## What the task asks:
Your task is to retype, word for word, the lines from the start of the data through the line holding "Inspiring Travel words". Do not include the pictures.

*** Listed records Section Begins ***

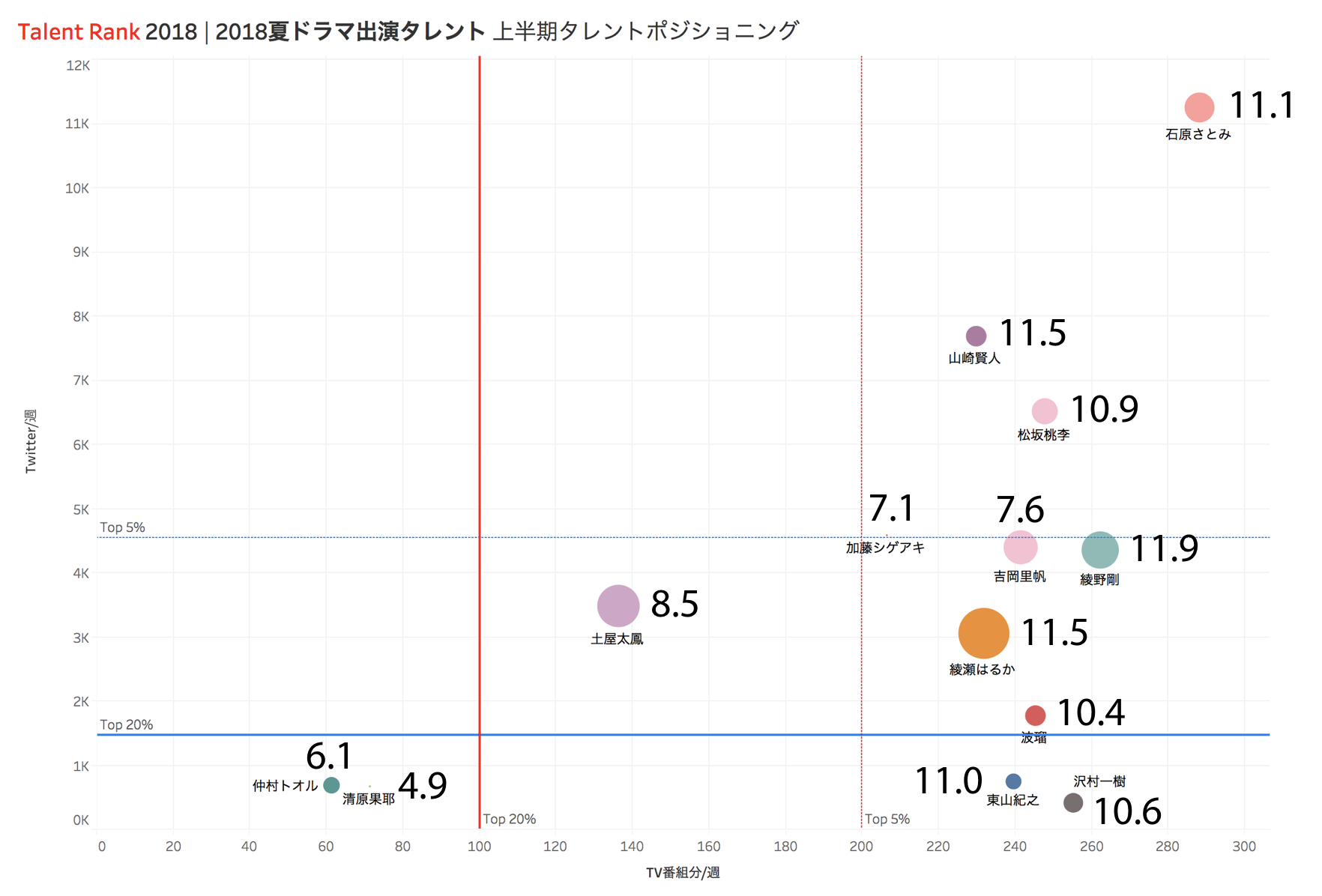早速図1をご覧いただこう。各タレントにつけた数字は各ドラマの初回世帯視聴率(ビデオリサーチ調べ、関東地区)だ。この数字はTalent Rankのポジショニングチャートに公表された数値を後から記入したものだ。
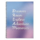 Inspiring Travel words - Discover, Roam, Explore, Adventure and Memories spelling out Dream on shimmery gradient background notebook
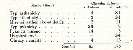 Tabulka druhá nám ukazuje, jak se rozdělily v šetření Kret-schmerově tyto typy stavby tělesné na cirkulerní a schizofrenní nemocné.
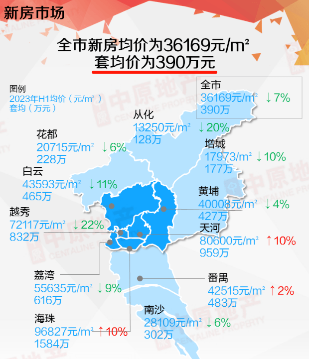 寸土寸金的越秀不仅缺货,新盘动不动就喊价10w+,上半年的成交套均价为832万元。
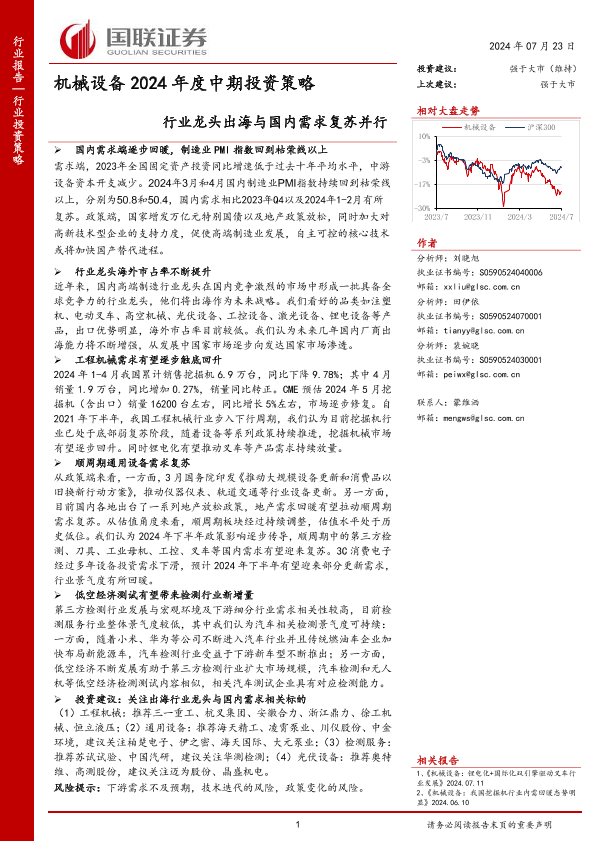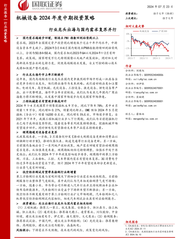 【国联证券】【20240723】机械设备行业2024年度中期投资策略:行业龙头出海与国内需求复苏并行-56页
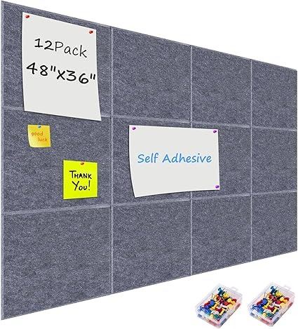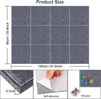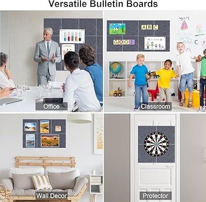 - Olyzer Felt Bulletin Board with 100 Push Pins, 6 Pack Large Cork Board for Walls, Self Adhesive Felt Wall Tiles for Home, Classroom, School & Office Decor (Dark Grey)
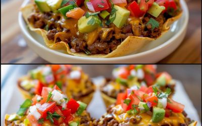 Babeczki taco Składniki: 1 funt mielonej wołowiny, 1 opakowanie przyprawy do taco, 1 szklanka startego sera cheddar , 1 szklanka…
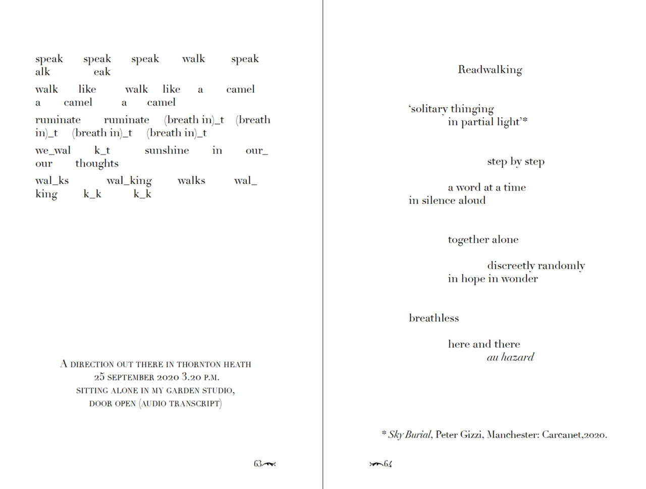 A direction out there, readwalking with Thoreau (MA BIBLIOTHEQUE, 2021) brings together a prepared text, a text score and essays by Michael Hampton and Vicky Smith.
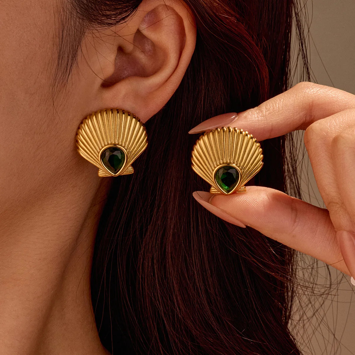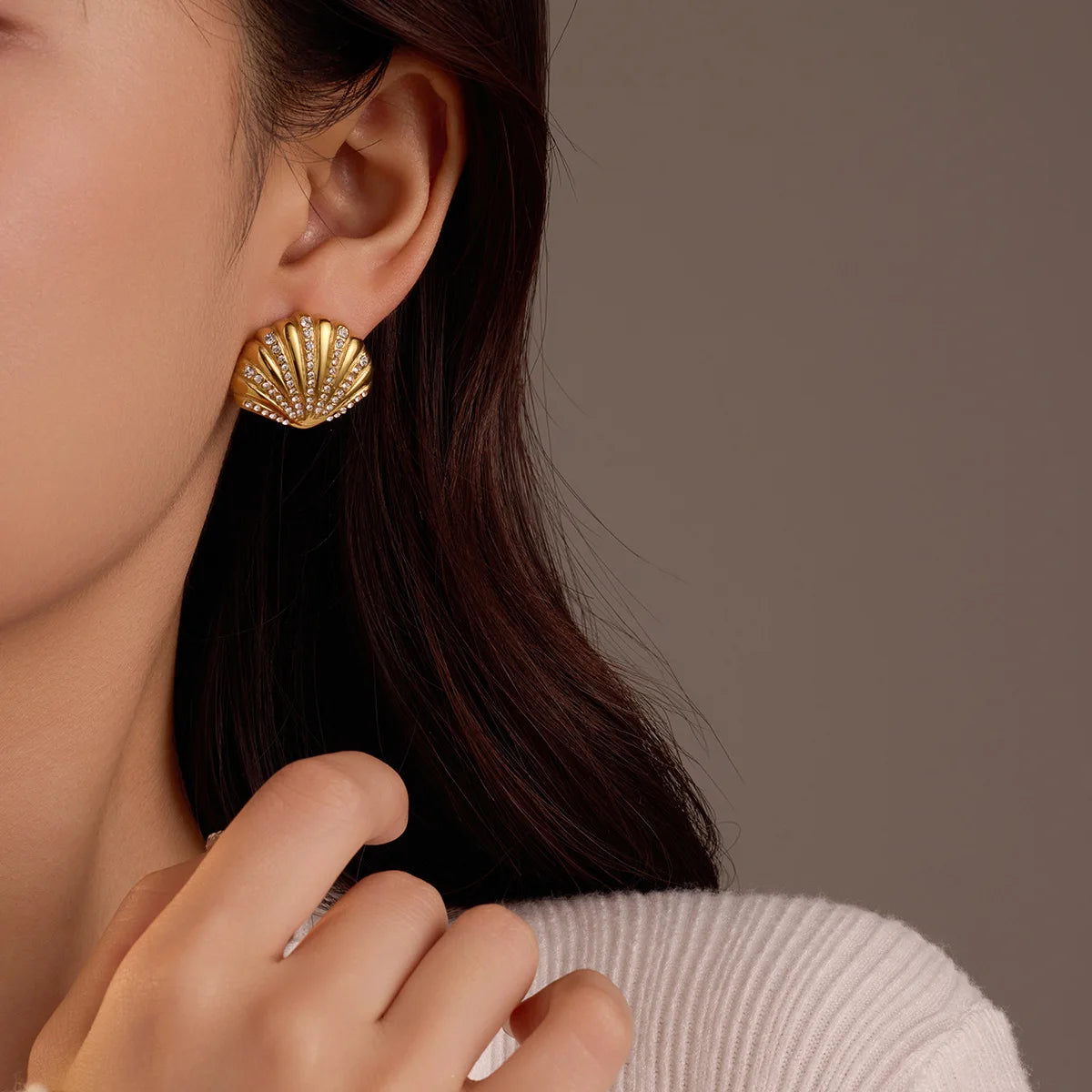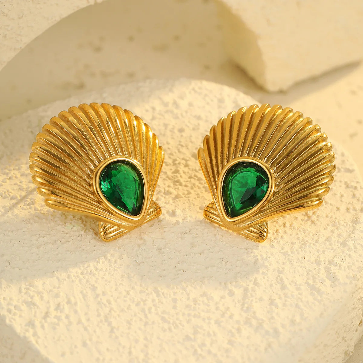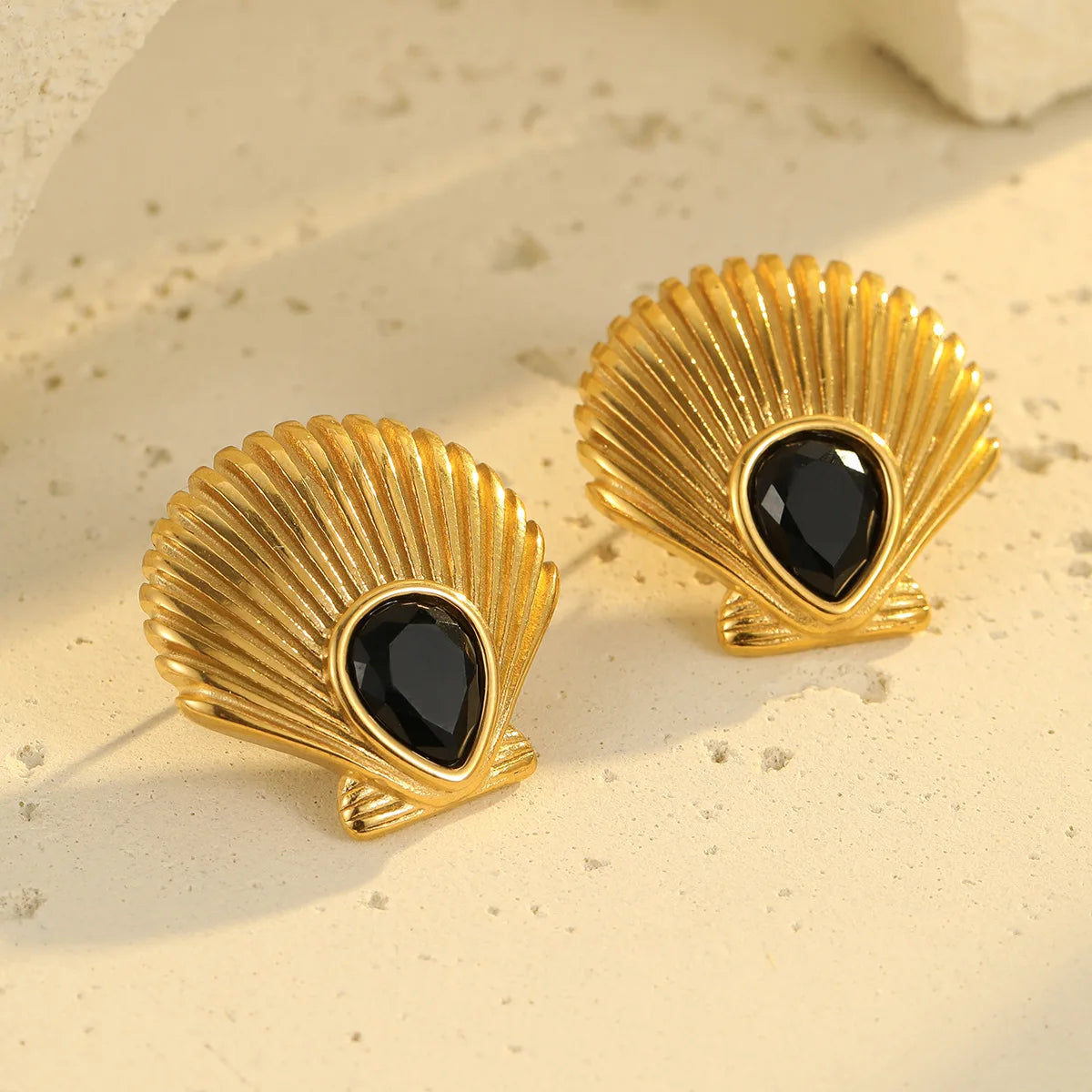 Wholesale 18K Gold Plated Stainless Steel Hypoallergenic Shell Zircon Earrings Women Girls Summer Beach Jewelry

*** Listed records Section Ends ***

## Solution for this exercise:
早速図1をご覧いただこう。各タレントにつけた数字は各ドラマの初回世帯視聴率(ビデオリサーチ調べ、関東地区)だ。この数字はTalent Rankのポジショニングチャートに公表された数値を後から記入したものだ。
 Inspiring Travel words - Discover, Roam, Explore, Adventure and Memories spelling out Dream on shimmery gradient background notebook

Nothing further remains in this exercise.